Я работала. Меня мама устроила в лабораторию структурной и прикладной лингвистики лаборантом. И я расшифровывала записи из кавказских экспедиций просто на языки… там классифицировали всё. Мама надеялась, наверно, что я пропитаюсь интересом ко всему этому. Но я совершенно не пропиталась.

[Но как же потом?]

Нет. А потом я поступила на романо-германское отделение.

[Ну да, но всё равно.]

Ну, нет, СиПЛ [структурная и прикладная лингвистика] — это особый мир. Нет-нет. А мама надеялась, что я этим миром пропитаюсь. Вот — вот, экспедициями. Но нет. Нет. Это неважно. И потом у меня была характеристика оттуда и всё. И я уже потом поступила со всеми пятёрками, и всё было очень хорошо.

Про страшное потрясение. Пионерский лагерь «Малаховка» (00:51:03-00:56:26)

Теперь, Саша, что было в школе — ещё вот какой момент преследования. С той же Катей Уфимцевой мы занимались в 6-м классе — после, в лагере — ужасным делом. Ужасным, как сейчас я вспоминаю. Это была игра…

[В пионерском лагере?]

Пионерский лагерь «Малаховка», да. «Кто ближе простоит перед электричкой». Но я проигрывала, а она больше выигрывала.

[Надо было стоять на рельсах…]

Стоять на рельсах, да, и вот до последнего. Он гудел уже и всё. Вообще, отвратительная вещь, как я сейчас понимаю. Причём мы были вдвоём. Не то, что перед мальчишками там форсить, нет — просто мы были вдвоём.

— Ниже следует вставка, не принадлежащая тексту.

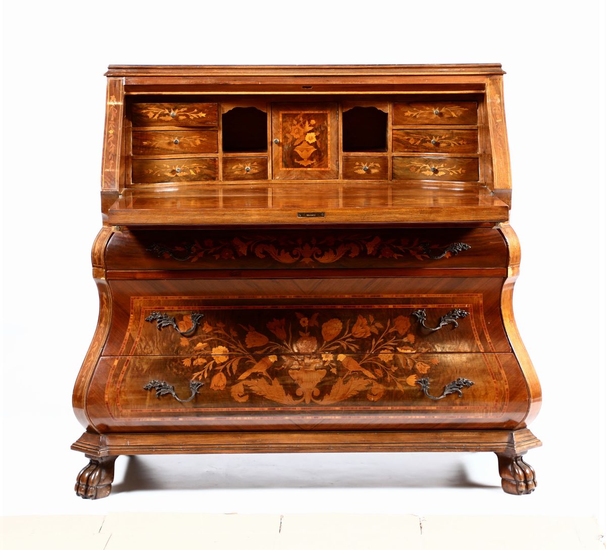 ricchi decori a motivo floreale, fronte e fianchi mossi, tre cassetti sotto la calatoia celante cassettini e vani portadocumenti, cm 129x60x116

[А сколько Вам тогда было?]

Двенадцать [лет]. Потом появился человек с большой собакой. Катя быстро убежала, а на меня он всё-таки напал. Но, насколько я понимаю… извините, Саша, что Вам к руководителю такие вещи ужасные. Собственно, изнасилования не было. Потому что… Я почему не стала убегать? Потому что он был с огромной собакой типа кавказской овчарки. И я понимала, что если я начну сильно сопротивляться и что-то, то собака вмешается. Но он как бы только вот так — и всё уже произошло. Я тогда не очень понимала, что и как. Поэтому физически я не пострадала. Но нравственно, конечно, пострадала. И я очень боялась.

[Такой педофил, да?]

Да. Но он был, как я понимаю, довольно молодой. Может, ему лет 20 было, вот такого типа. Затем я от всех это скрывала. То есть, я скрывала… некоторые там знали, что на меня напали. Но то вот, что  вот это было — то, что я это видела —для меня вот это было самое страшное. Слава богу, я ещё раз повторяю, не только вообще физически — даже ничего на мне не было порвано, почти ничего. Ну, потому что я не сопротивлялась. Но удар был нанесён нравственный. Я боялась безумно. Я это рассказала маме, когда она приехала, и мама рассказала учительнице. И учительнице сказала, что вот так вот… как вот так вы пускаете детей, которые…  Про электричку она не говорила, потому что это ей я не рассказывала. Но что вот на них нападают. Учительница страшно испугалась. Потому что — а вдруг ещё было бы хуже? А вдруг бы меня вообще убили? Или вообще, или кого-то другого? И, может быть, ещё… И у неё возникла идея…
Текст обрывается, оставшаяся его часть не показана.